Была истерика. Жена плакала. Жена кричала: «Уходи! Невыносимо тебе?! Дохлая я, дохлая, да? А сам-то! Ну уходи – хоть на все четыре стороны, хоть к библиотекарше своей! Думаешь, дожидается еще? Ну иди!! Но мы же умрем! Женщина не может одна и зарабатывать деньги, и искать, где на них что-то купить! Я же с ума сойду, я же сдохну на бегу, в какой-нибудь давке, и твой сын умрет с голоду в пустой квартире! А ты иди! Рисуй свои закорючки, академиком станешь!»
Состояние близких зависит лишь от того, насколько быстро уменьшаются номерки на твоих руках.
Я убрал фотографии и подошел к окну.
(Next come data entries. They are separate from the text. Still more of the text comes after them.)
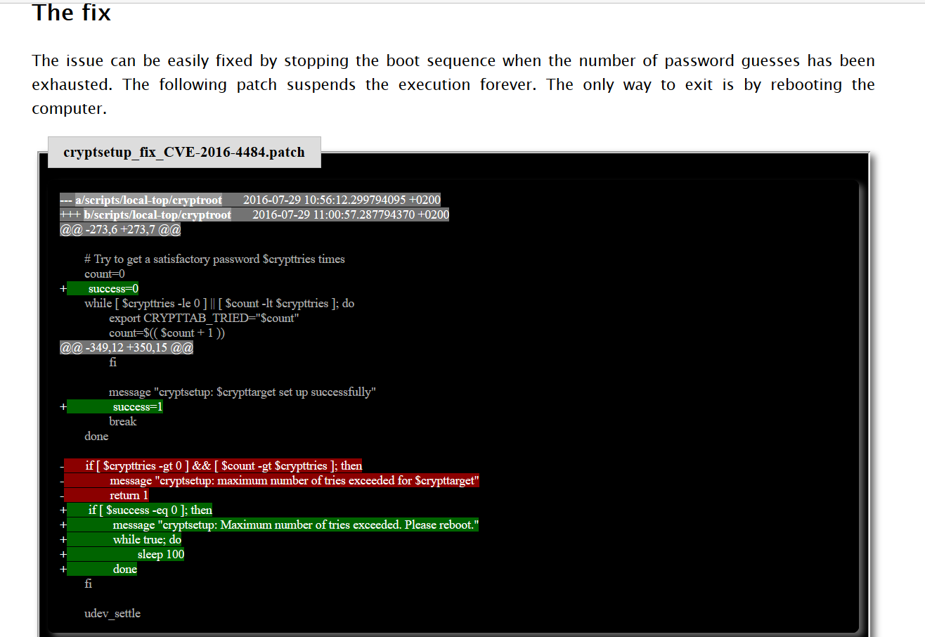Il sistema di autenticazione dovrebbe consentire un numero massimo di tentativi (tre come impostazione predefinita) per l’inserimento della password. A causa di una patch di sicurezza non molto furba il software gestisce in maniera errata il controllo della password e continua il processo di avvio del sistema, comportandosi come se il mancato accesso ai dati sul disco fosse dovuto ad un problema con il dispositivo.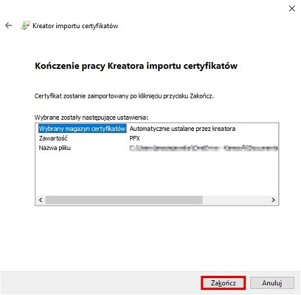 6. Certyfikat zostanie zaimportowany po kliknięciu przycisku Zakończ: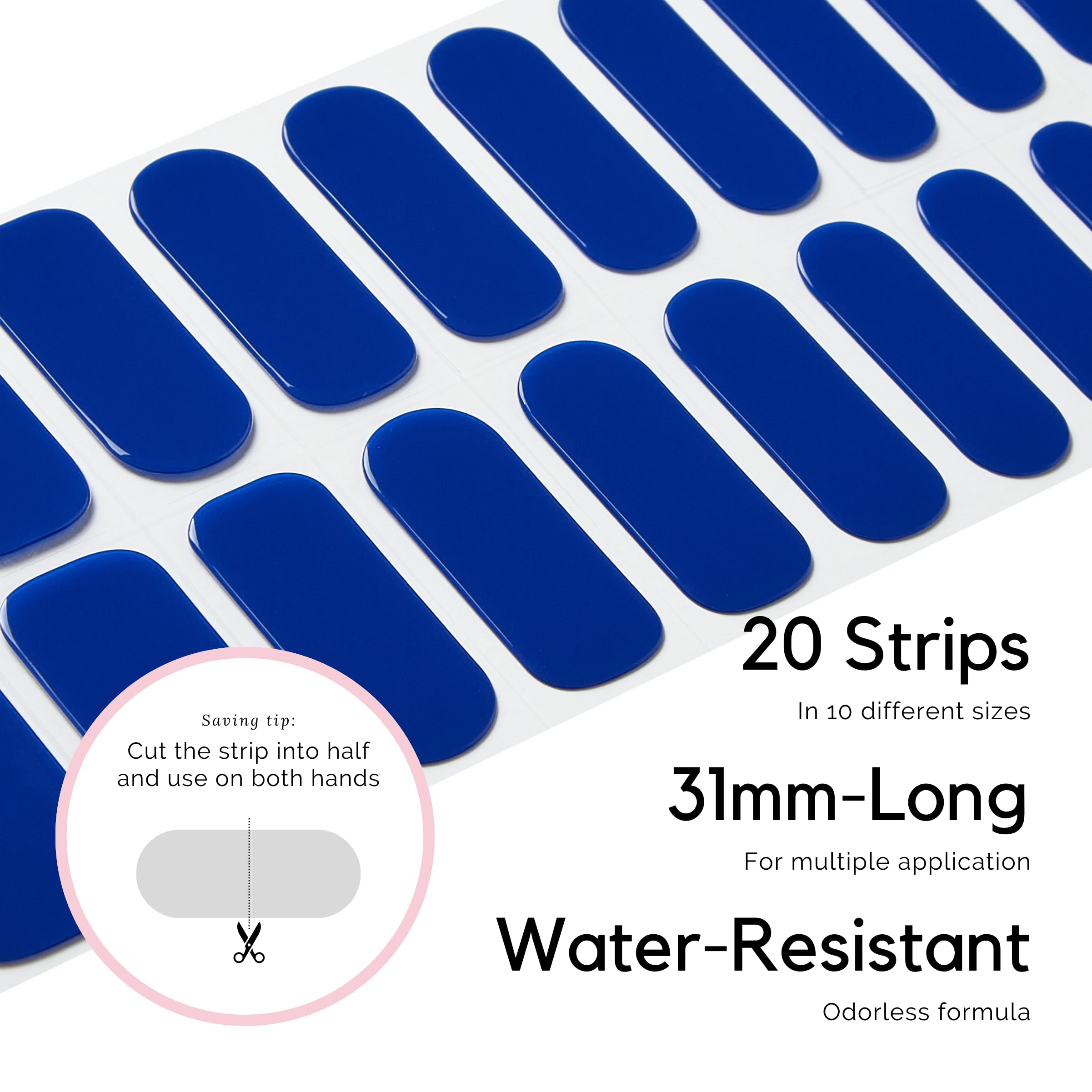 Solid color gel nail strips are longer and wider than other semi cured nail stickers. Designed to fit all nails. - One peice nail strip can be cut in half for two nails if your nails are short.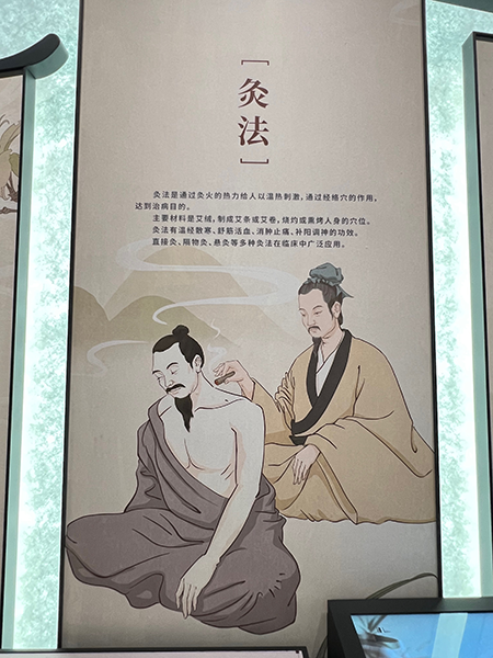 灸法是通過灸火的熱力給人以溫熱刺激,達到治病目的,其主要材料是艾絨,製成艾條或艾卷,燒灼或熏烤人身的穴位。灸法有溫經散寒、舒筋活血、消腫止痛、補陽調神的功效。在臨床中廣泛應用的灸法有直接灸、隔物灸、懸灸等。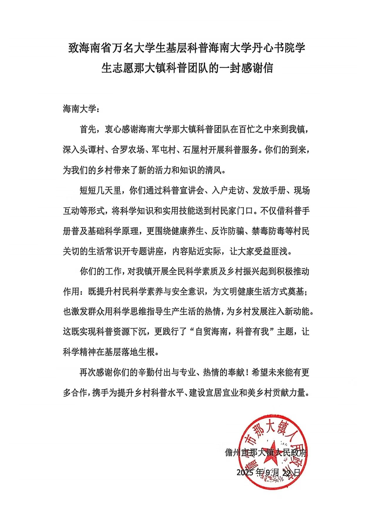 【儋州市那大镇人民政府】致海南省万名大学生基层科普海南大学丹心书院学生志愿那大镇科普团队的一封感谢信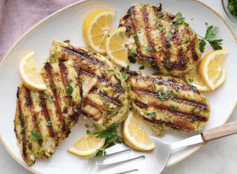 This Pesto Grilled Chicken is made with Greek yogurt and pesto marinade that is then grilled for about 15 minutes, and it’s ready to eat!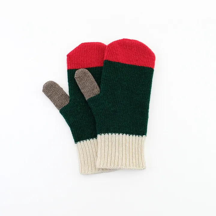 リューズニット 遊び心のある配色使いのミトン GN(グリーン)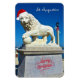 Merry Christmas from St. Augustine! Share a little sunshine with this unique Florida-themed holiday Magnet that features the photo image of one of two gallant white marble lions that stand guard over the entrance to the Bridge of Lions which connects downtown "Old City" Saint Augustine with Anastasia Island. The large Carrera marble lions are named “Firm” and “Faithful,” and were originally commissioned by Italian sculptor F. Romanelli in 1927, and later restored. The background features a stunning azure blue sky and sailboats anchored in Matanzas Bay, which is part of the Intracoastal Waterway. The "St. Augustine" text may be deleted or edited for personalization at no additional cost. Coordinating greeting cards, ornaments, pillows, and more available in this festive design. Photography by Glenda Motsavage, a Florida-based travel writer and author.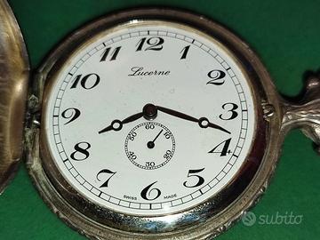 Splendido Orologio Vintage anni 40/50 della nota casa Lucerne, con cassa in acciaio decorato con tema caccia. Meccanismo a carica, movimento Eb 8800, un rubino.

Я держался очень прямо и все равно ощущал невыносимую, тяжелую горбатость. Твердое сырое полено, вздувшееся внутри меня, давило легкие; было не продохнуть; было не забыть ни на миг. Я открыл раму, уличная духота дотронулась до духоты в квартире и замерла на пороге окна. Спящие, безмолвные дома витали в прозрачной мгле, пустые улицы, странно просторные, серыми лентами катились внизу. Неподвижность.